02 Mar Quantum dreaming
It is through dreams that we may be transported to worlds that defy the laws of physics and which obeys their own laws of time, space, motion and conscious reality, where the future is juxtaposed with the past and where time runs backwards and forwards (Campbell, 1988; Freud, 1900; Jung, 1945, 1964). Throughout history it has been believed that dreams open doors to alternate realities, to the future, to the past, and the hereafter, where the spiritual world sits at the boundaries of the physical; hence the tendency to bury the dead in a sleeping position even 100,000 years ago. Although but a dream, the dream was experienced during dream consciousness much as the waking world is experienced by waking consciousness. The dream was real. Thus, throughout history dreams have been taken seriously especially when they gave glimpses of the future.

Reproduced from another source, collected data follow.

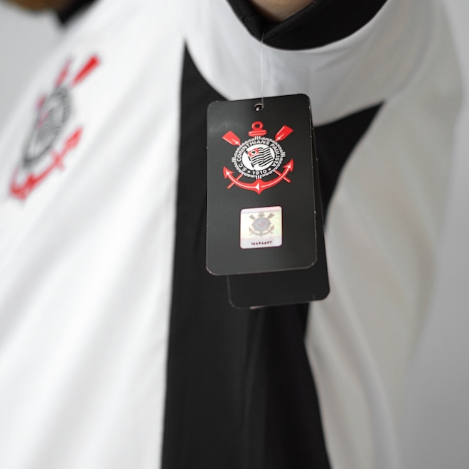 Com recortes laterais em preto que criam um contraste marcante, a peça ganha personalidade sem perder a simplicidade. O escudo bordado reforça o orgulho corinthiano com acabamento de qualidade, enquanto o tecido em poliéster garante leveza, conforto e respirabilidade.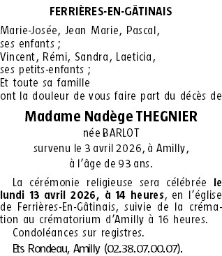 Cet espace « condoléances » est dédié à la mémoire de Madame Nadège THEGNIER née BARLOT.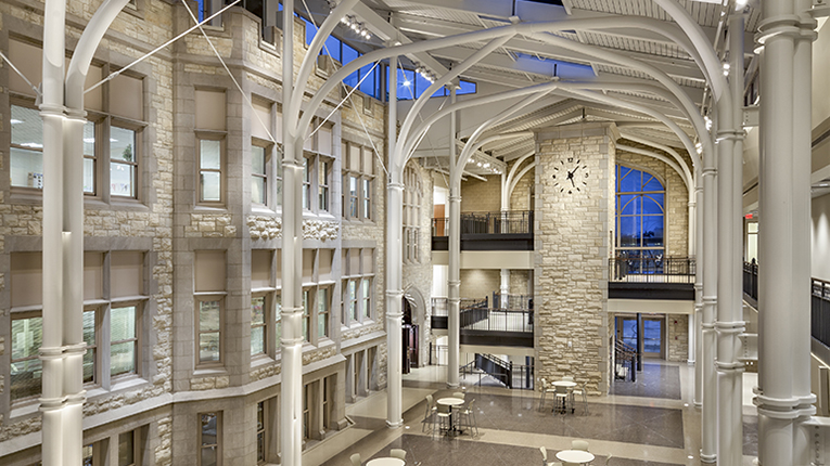 Now, more than a century after it was built, it has undergone another, 43,000-sq.-ft addition. Designed by Wight & Company (Wight), the new structure features a three-story glass curtain wall façade that leads into a bright and inviting student center atrium. Beyond that is a spacious, open-plan dining pavilion, also steel-framed, that can seat up to 600 people for events. The focal point of the addition is a soaring structure of hollow structural sections (HSS) that defines a collaborative space for the school’s 2,600 students, where they can study, socialize and access student services.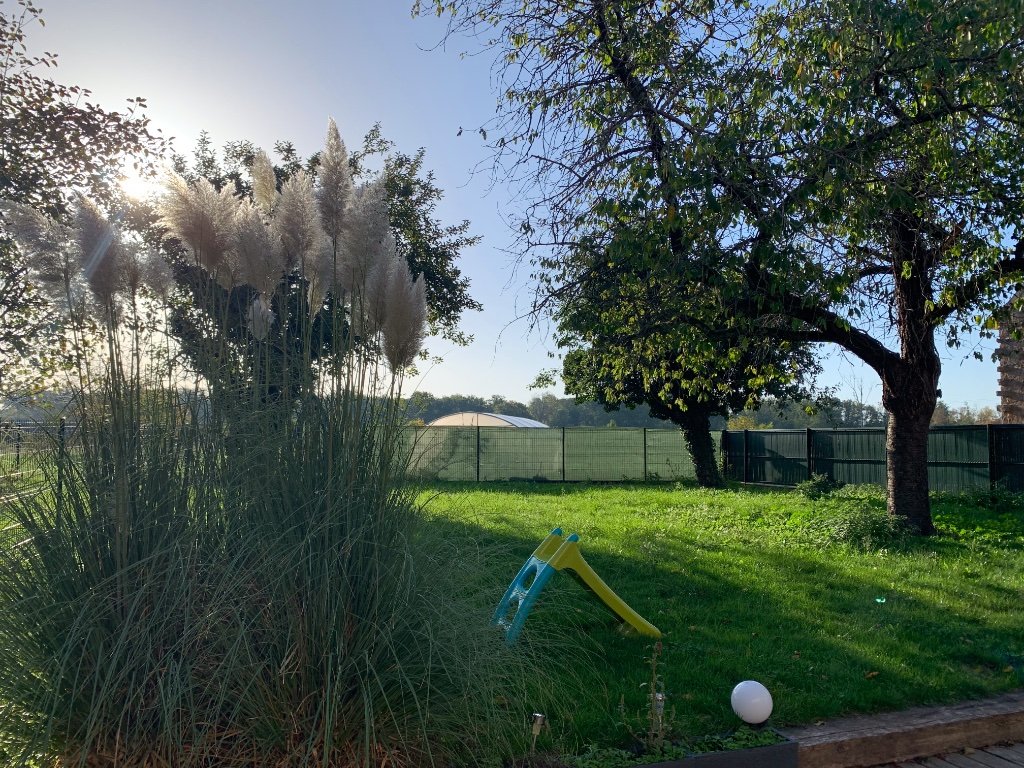 Le jardin à l'arrière est clos et arboré, avec une vue dégagée.
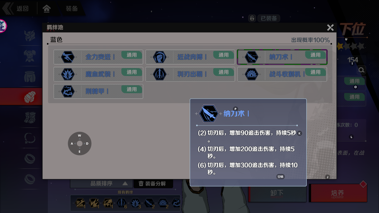 作为进攻向的羁绊,我还是更推荐新人使用稳定的利刃出鞘和纳刀术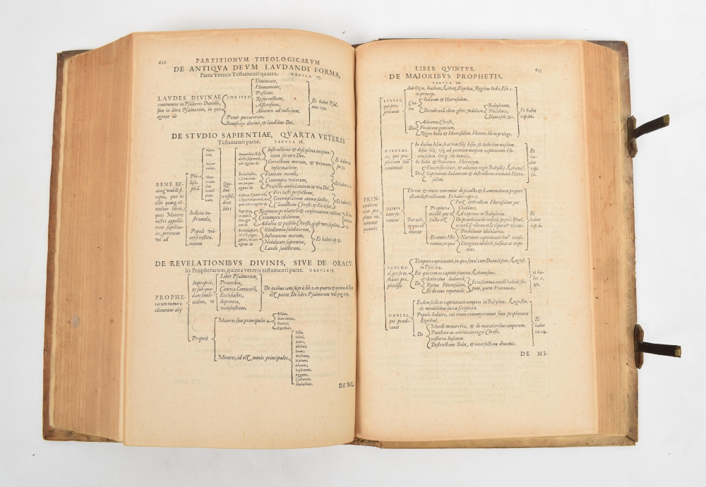 sive partitionum theologicarum libri quinque (...) authore D. Georgio Edero (...). His adiecimus partitiones Catechismi. Cologne, G. Calenius and estate of J. Quentell, 1571, 2 parts in one volume, (48),714,(1); (8),119 p. (partly using a cursive type), both volumes with woodcut title vignette and tailpiece, contemporary rich blindstamped pigskin across wooden boards, front with centered stamp with personifications of the 4 cardinal virtues, back board with centered stamp with personifications of the 4 theological virtues, both stamps surrounded by a double roll scroll border with biblical scenes and portrait medallions, ribbed back with title label, two finely finished copper clamps, folio.
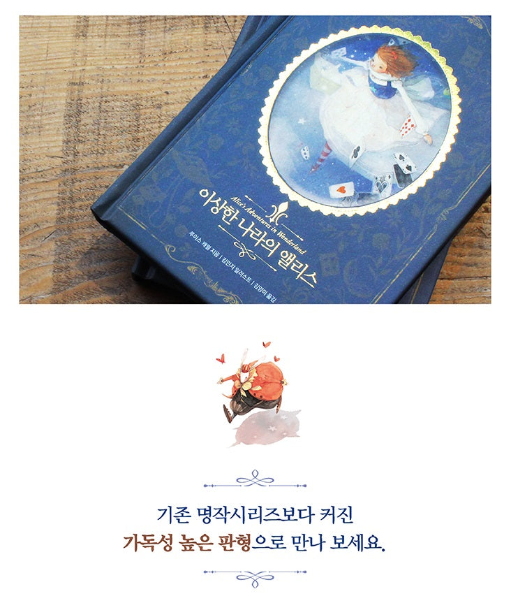 I’ve read a ton of classic adaptations over the years, but let me tell you, this Beautiful Classic Series edition of ‘Alice’s Adventures in Wonderland’ is truly something special. The illustrations by Kim Min-ji just pop with life! I’ve got several other versions on my shelf that are either too small to enjoy or just plain lackluster covers. This one stands out not only for its stunning gold-framed design but also because it’s larger and so much more readable than those old tiny paperbacks from my youth. Honestly feels like it brings Lewis Carroll’s words to life even better than before! Perfect addition for any bookshelf if you’re into collectibles; I can already feel it boosting its value as part of the series. Such a lovely gift idea, especially when nostalgia kicks in while flipping through these pages again.

Rhawn Gabriel Joseph in his article: Quantum Physics of the Sixth Dimension: Dream Time, Precognition, Many Worlds. concluded that Dream-consciousness and dream-time are associated with accelerated levels of brain activity. Relativity predicts that observers with an accelerated frame of reference experience time-contraction and a shrinking of time-space such that the future and the present come closer together relative to those with a different frame of reference. Not surprisingly, two dissociated conscious minds may experience slowing and speeding up simultaneously. However, space-time is also part of the quantum continuum; and this continuum extends into the future and the past, such that all are entangled. Based on a coupling of the Copenhagen with the Many Worlds interpretations, dream-consciousness can become entangled with the space-time continuum which includes the various futures as they flow toward an observer; futures that are also entangled and which will become modified to varying degrees before being perceived and then upon the act of registration. Thus, during dream consciousness, not just the most improbable, but also the most probable future world may be observed; a probable future which may or may not happen in this reality, in this world, but which will or has happened in another world as predicted by “Many Worlds.”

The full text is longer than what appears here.